### Given data
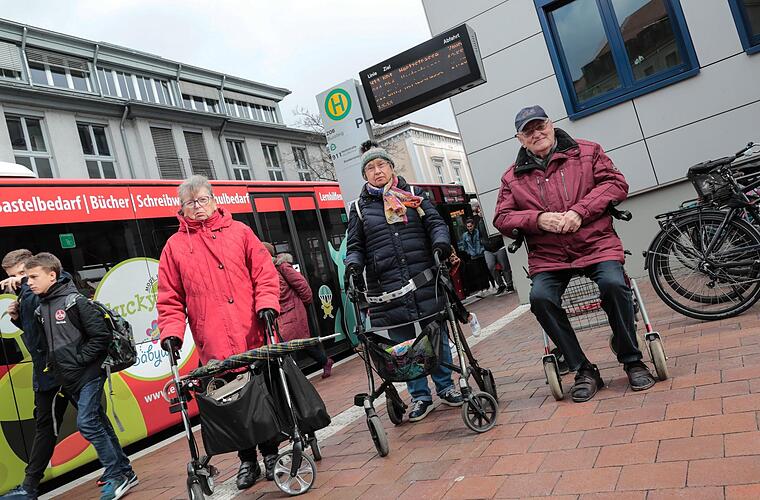 13.30 Uhr am Zentralen Omnibusbahnhof (Zob): Um den Bussteig P tummeln sich Schulranzen tragende Schüler, mit Einkaufstüten beladene Erwachsene und Eltern mit Kinderwägen. Um die Ecke stehen Ilse Hertrich, ihr Mann Fritz und Helga Schmitt mit ihren Rollatoren, alle über 80 Jahre alt und gehbehindert. Hertrich zeigt auf das Gewusel: "Und da sollen wir durch? Unter Zeitdruck?"
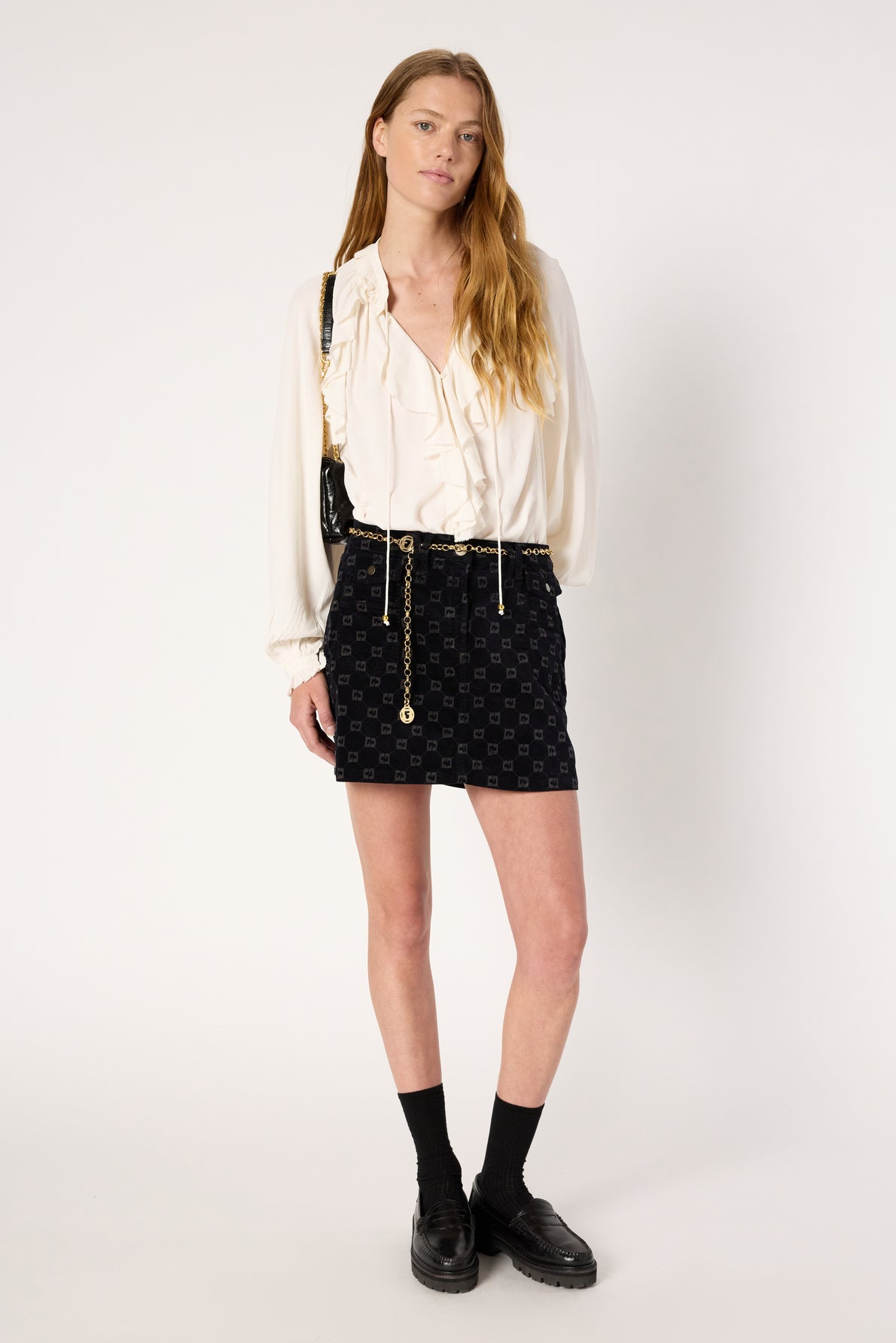 ELEGANT, FEMININE NAVY BLUE SATIN SHIRT WITH RUFFLED COLLAR AND NECK TIE. MIX OF RUFFLES, PLEATS AND GATHERS TO MAKE EVEN THE SIMPLEST OR MORE SOPHISTICATED OUTFIT PERFECT.
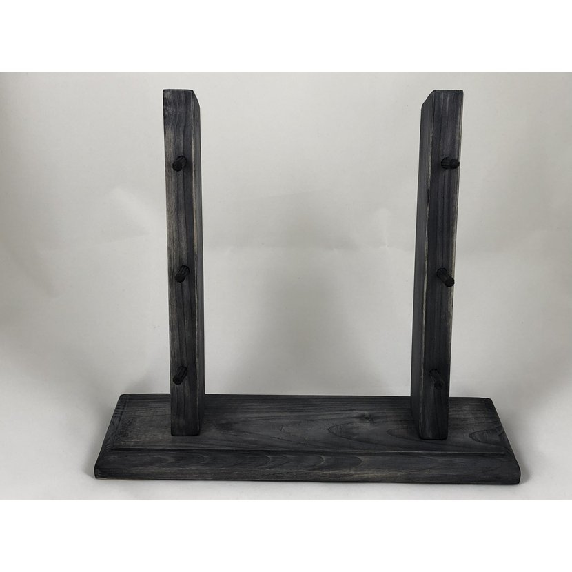 Dřevěný stojánek na nože se třemi stanovišti. Výška stojánku 22 cm, šířka mezi kolíky 15cm, vertikální rozteč mezi kolíky je 6 cm. Stojánek je vyroben z masivního smrkového dřeva a v některých variantách opatřen nátěrem.

### Your objective
The output is the lines from the start of the data above through the line containing "ELEGANT, FEMININE NAVY", unchanged, with any picture left out.

### Solution
 13.30 Uhr am Zentralen Omnibusbahnhof (Zob): Um den Bussteig P tummeln sich Schulranzen tragende Schüler, mit Einkaufstüten beladene Erwachsene und Eltern mit Kinderwägen. Um die Ecke stehen Ilse Hertrich, ihr Mann Fritz und Helga Schmitt mit ihren Rollatoren, alle über 80 Jahre alt und gehbehindert. Hertrich zeigt auf das Gewusel: "Und da sollen wir durch? Unter Zeitdruck?"
 ELEGANT, FEMININE NAVY BLUE SATIN SHIRT WITH RUFFLED COLLAR AND NECK TIE. MIX OF RUFFLES, PLEATS AND GATHERS TO MAKE EVEN THE SIMPLEST OR MORE SOPHISTICATED OUTFIT PERFECT.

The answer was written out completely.